AI can now be used in conjunction with machine learning (ML) to speed up data analysis with reasonably high accuracy, thereby providing faster and better information to decision makers and opening up new possibilities for revenue generation. For the M&E industry, AI is starting to make deep inroads in the sphere of media asset management by automating tasks that are otherwise time consuming or repetitive in nature.
Already, there are a number of readymade AI tools available off-the-shelf that are designed to recognize different aspects of video content – like objects, spoken dialog, on-screen text, celebrity faces and emotions. These tools support automated metadata tagging, caption generation and similar functions.
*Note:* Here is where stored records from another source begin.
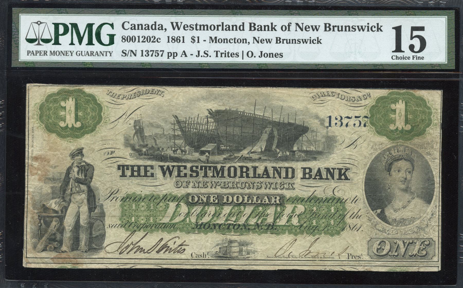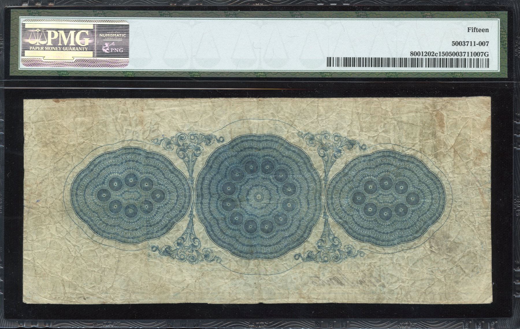 CH 800-12-02c. A decent example graded PMG F15. In October of 1863 instruction to remove the Rawdon Wright, Hatch & Edson imprint was executed nearing the end of this issue reducing the Jones-Jones signature combination production. This Trites-Jones signature combination even more rare. S/N:13757/B.
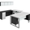 The electric sit stand desk is available in different sizes with your choice of drawers for storage. You can select a top finish for the desktop and bridge, you can also select a base finish for the credenza, side storage and hutch. It’s shown in a Blanco finish for the top, Grigio for the base and it has 1 mobile set of drawers and 1 full set of pedestal drawers. It includes a wall mounted hutch and it’s backed by a limited lifetime warranty.
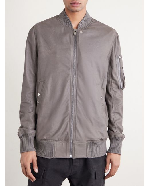 Gray Leather Bomber Jacket Men
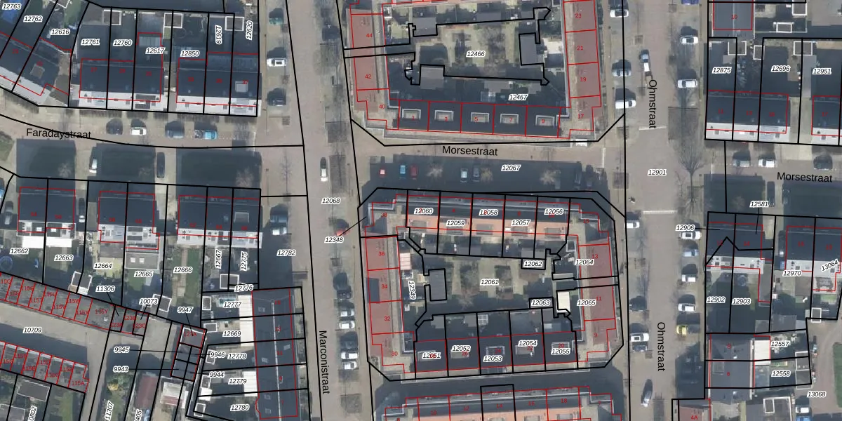 Gebruik de zoekbalk of klik op een perceel voor informatie over de adressen binnen dit perceel.
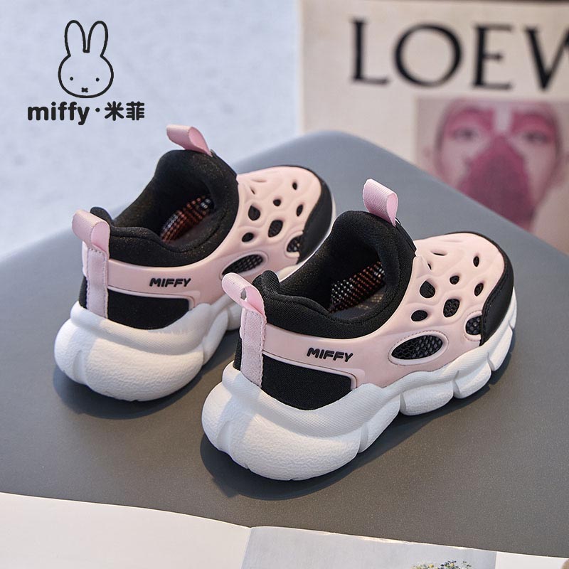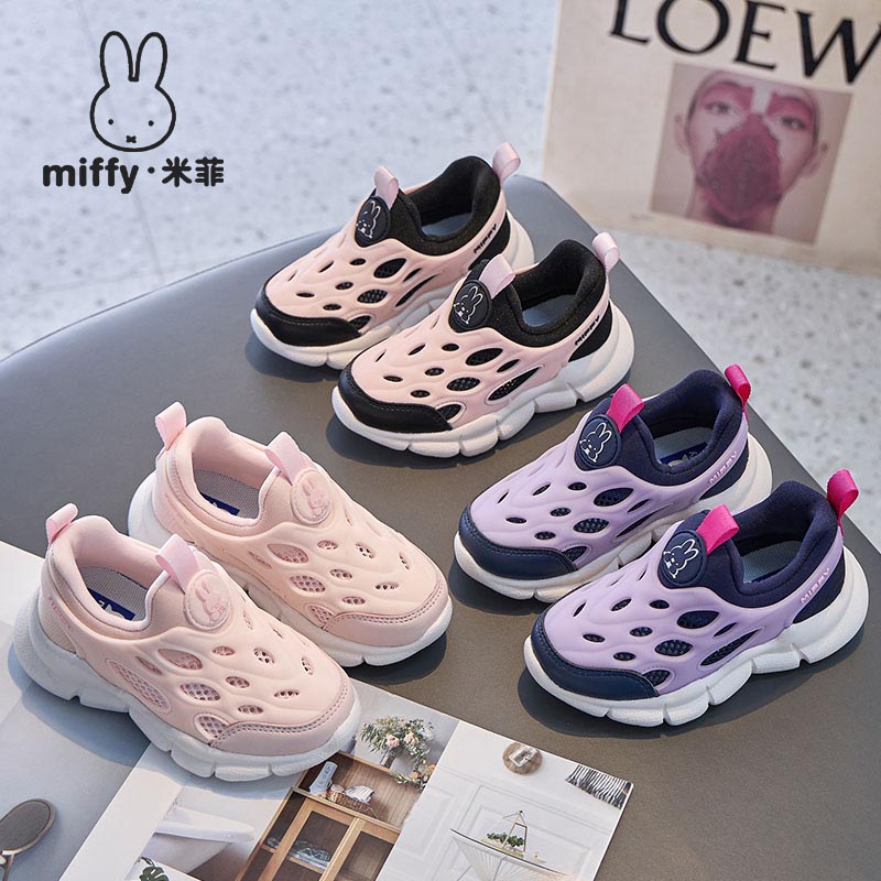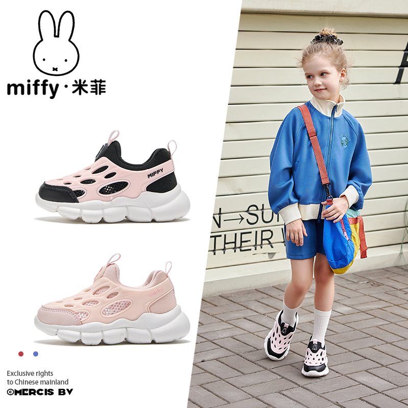 MIFFY米菲童鞋夏季女童轻盈跑步鞋一脚蹬镂空透气网面休闲运动鞋
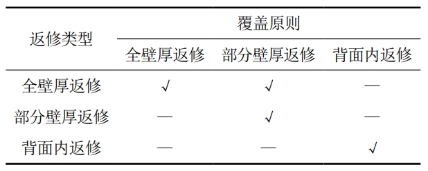2023版規(guī)定了二次返修需單獨進(jìn)行焊接工藝評定,還規(guī)定了全壁厚返修、部分壁厚返修和背面內(nèi)返修三種返修類型,以及不同返修類型的覆蓋規(guī)則,如表 5所示。
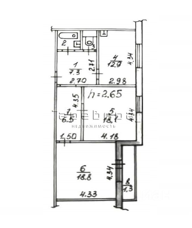 Квартира с удобной планировкой, большая кухня 13 м2, две комнаты 18 м2 и 19 м2, и два коридора. Квартира требует косметического ремонта. Санузел раздельный, в кафеле.
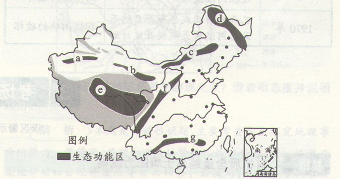 (2)e位于青藏高原上,多湖泊和河流的源头,规划为生态功能区,可以起到保护湿地、涵养水源的作用。
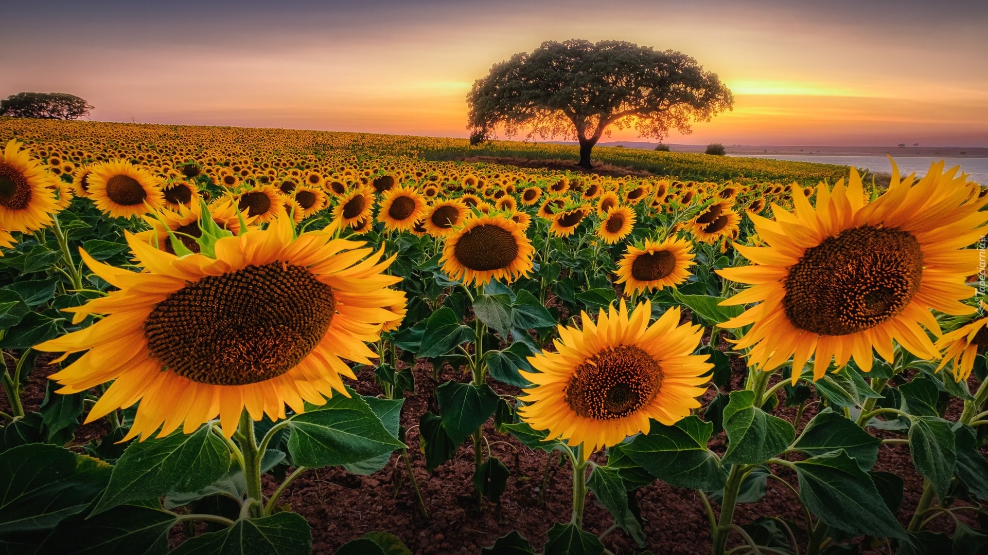 Edytor tapety: Słoneczniki w zbliżeniu i drzewo w oddali

The problem with (artificial) intelligence
Many companies have eagerly invested in general-purpose AI tools, hoping to reduce costs and save time. And while they have witnessed certain business benefits, they have also experienced several challenges while working with these tools. The underlying reason is that most AI tools are trained to solve generic use cases across multiple industries, which limits their effectiveness. Also, while standalone AI engines can recognize specific elements within individual video frames, they lack the ability to combine these findings in a contextual manner to identify complex sequences (like a particular character in a car chase).
This greatly impacts the accuracy of search results delivered, and users are often left wading through a large number of irrelevant clips before they can arrive at the content they were looking for.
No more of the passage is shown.